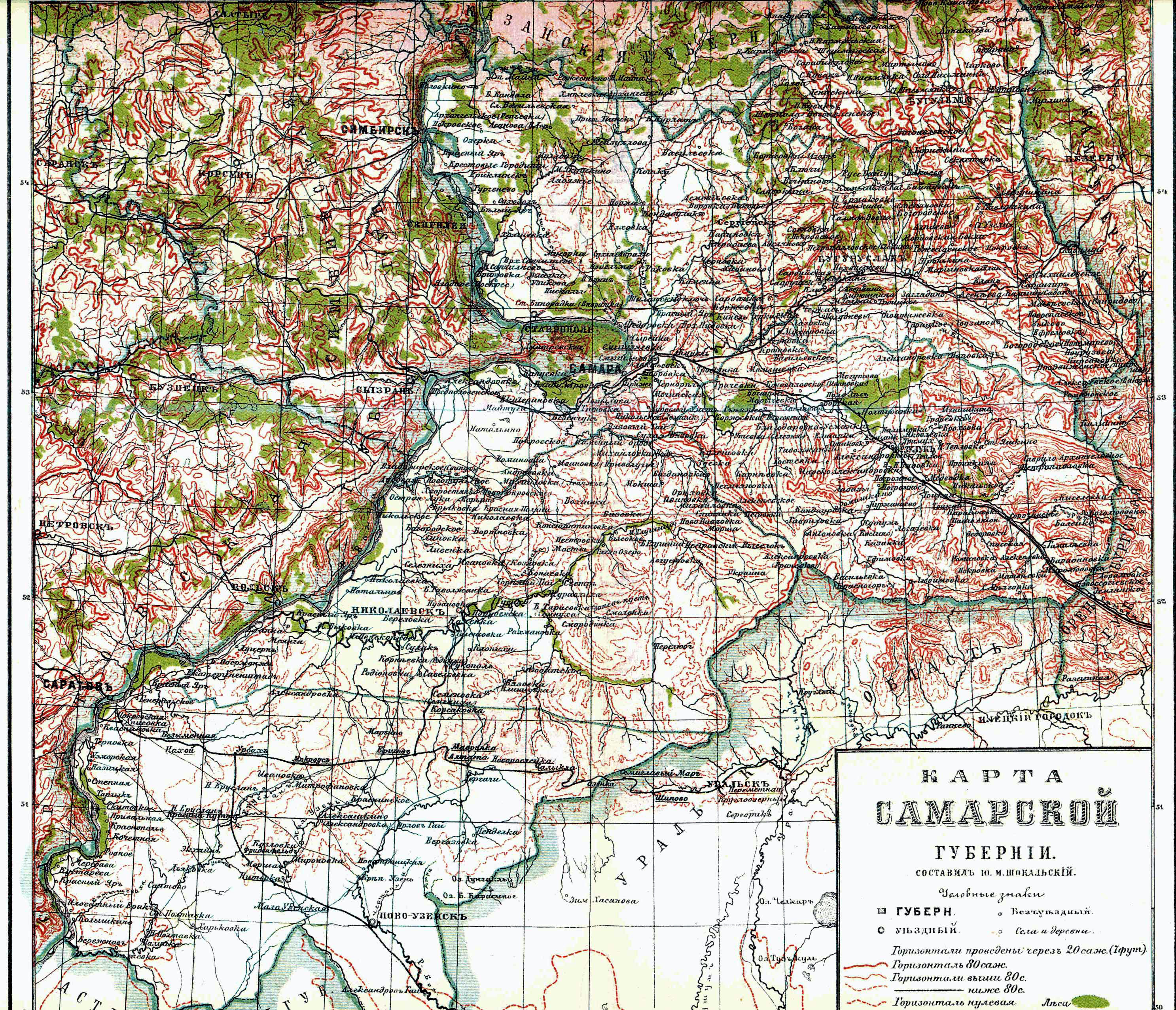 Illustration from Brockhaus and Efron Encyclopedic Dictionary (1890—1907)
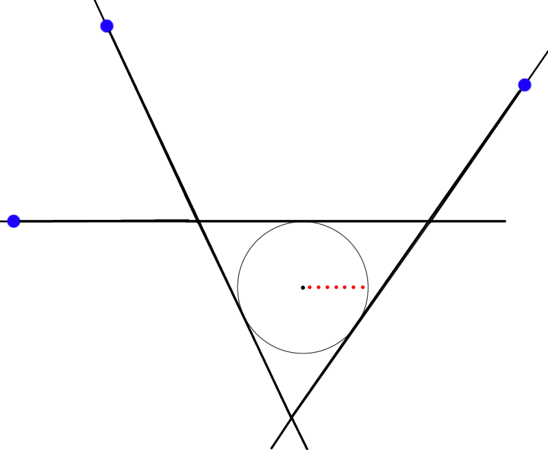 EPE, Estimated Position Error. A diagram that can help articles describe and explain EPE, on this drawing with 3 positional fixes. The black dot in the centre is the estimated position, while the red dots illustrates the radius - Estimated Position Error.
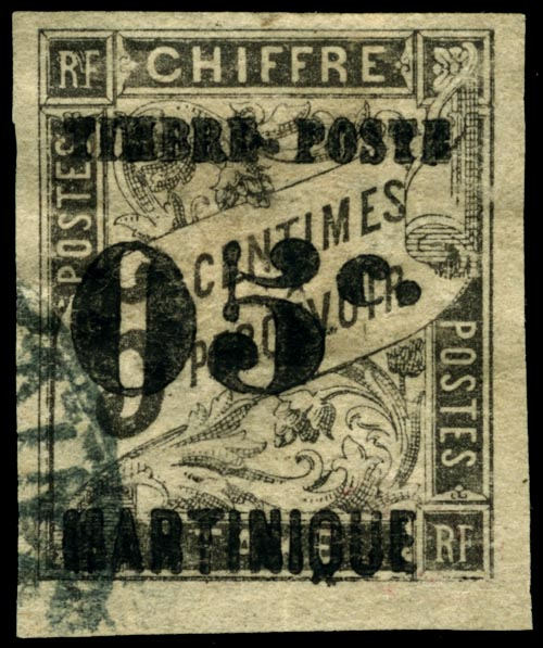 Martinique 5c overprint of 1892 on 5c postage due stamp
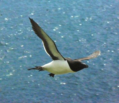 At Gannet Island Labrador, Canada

§ Task statement
Without including any pictures, copy every line above exactly.

§ Task result
 Illustration from Brockhaus and Efron Encyclopedic Dictionary (1890—1907)
 EPE, Estimated Position Error. A diagram that can help articles describe and explain EPE, on this drawing with 3 positional fixes. The black dot in the centre is the estimated position, while the red dots illustrates the radius - Estimated Position Error.
 Martinique 5c overprint of 1892 on 5c postage due stamp
 At Gannet Island Labrador, Canada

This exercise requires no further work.